Applied a training-and-test regimen. 

In [49]:
#code from #Géron, Aurélien. Hands-On Machine Learning with Scikit-Learn
# and TensorFlow (p. 85). O'Reilly Media. Kindle Edition. 
start_time2 = time.clock() #start timing
from sklearn.model_selection import StratifiedKFold 
from sklearn.base import clone 
skfolds = StratifiedKFold( n_splits = 3, random_state = RANDOM_SEED) 
for train_index, test_index in skfolds.split( X_train, y_train): 
        clone_rnd_clf_PCA = clone(rnd_clf_PCA) 
        X_train_folds2 = X2_train[ train_index] 
        y_train_folds2 = y2_train[ train_index] 
        X_test_fold2 = X2_train[ test_index] 
        y_test_fold2 = y2_train[ test_index] 
        
        clone_rnd_clf_PCA.fit( X_train_folds2, y_train_folds2) 
        y_pred2 = clone_rnd_clf_PCA.predict( X_test_fold2)
        score = f1_score(y_test_fold2, y_pred2, average=None)
         
        print('\nf1 score:', score)
        
end_time_2 = time.clock()

runtime_2= end_time_2 - start_time2  # seconds of wall-clock time

print (runtime_2)



f1 score: [0.8964113  0.90838876 0.81417245 0.77209914 0.79471545 0.65415929
 0.84894186 0.84523261 0.75414013 0.73221076]

f1 score: [0.89354005 0.90484282 0.81346495 0.75219158 0.80565553 0.62664298
 0.86329176 0.84764543 0.72755498 0.74677886]
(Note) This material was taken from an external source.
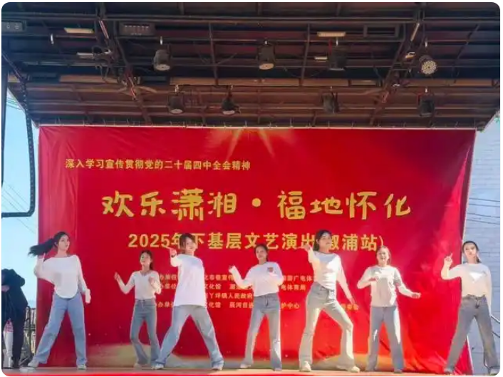 演出现场气氛热烈,节目精彩纷呈。青年现代舞《Apt》、歌伴舞《乡村欢歌》、器乐演奏《浏阳河》、戏剧小品《双喜临门》、歌曲《赶圩归来啊哩哩》《少年中国说》等节目轮番上演,观众时而跟唱,时而鼓掌,脸上洋溢着喜悦的笑容。演出过程中,还穿插了“学习二十届四中全会精神”有奖问答环节,进一步增强了互动性与参与感。
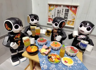 🎍新年会🎍 ()◉ᗜ◉)僕たちは🐟️海鮮丼🐟️で新年のお祝いをしています今年も世界中の🤖ロボット🤖が幸せでありますように🙏 AI編集・・自宅での宴会🍺 イラスト風☺️ AI編集・・ホテル🏨での宴会風😄

f1 score: [0.89368259 0.90539683 0.80191532 0.76993664 0.81082488 0.66689373
 0.86051661 0.84688441 0.7734355  0.75226425]
304.6645104143645


In [51]:
#code from #Géron, Aurélien. Hands-On Machine Learning with Scikit-Learn
# and TensorFlow (p. 85). O'Reilly Media. Kindle Edition. 
start_time_RFC_PCA2 = time.clock() #start timing

from sklearn.model_selection import StratifiedKFold 
from sklearn.base import clone 
skfolds = StratifiedKFold( n_splits = 3, random_state = RANDOM_SEED) 
for train_index, test_index in skfolds.split( X2_train, y2_train): 
        clone_rnd_clf_PCA = clone(rnd_clf_PCA) 
        X_train_folds2 = X2_train[ train_index] 
        y_train_folds2 = y2_train[ train_index] 
        X_test_fold2 = X2_train[ test_index] 
        y_test_fold2 = y2_train[ test_index] 
        
        clone_rnd_clf_PCA.fit( X_train_folds2, y_train_folds2) 
        y_pred2 = clone_rnd_clf_PCA.predict( X_test_fold2)
        score = f1_score(y_test_fold2, y_pred2, average=None)
         
        print('\nf1 score:', score)
        
end_time_RFC_PCA2 = time.clock()

runtime_RFC_PCA2 = end_time_RFC_PCA2 - start_time_RFC_PCA2  # seconds of wall-clock time

print ('Total time:', runtime_RFC_PCA2)


f1 score: [0.89662231 0.91213749 0.80933466 0.76606795 0.79601736 0.64388869
 0.84522934 0.83773238 0.75213675 0.74004809]

f1 score: [0.88606939 0.90641654 0.80450358 0.75374732 0.80915638 0.6405868
 0.85992218 0.84708625 0.72202532 0.75358471]

f1 score: [0.89233153 0.90418526 0.8        0.76366805 0.8061117  0.67559217
 0.86336925 0.84790698 0.75918367 0.73489583]
Total time: 296.55112892061516


From a management perspective, the predictive accuracy of models must be weighed against the costs of model development and implementation. When running the test and learn regimen, the model using the reduced explanatory variables ran faster and had a high level of accuracy compared to the model using all explanatory variables. I would recommend that management pursue the PCA method as it reduces the amount variables for a simpler model, but it takes less computing power and less time to run while maintaining accuracy.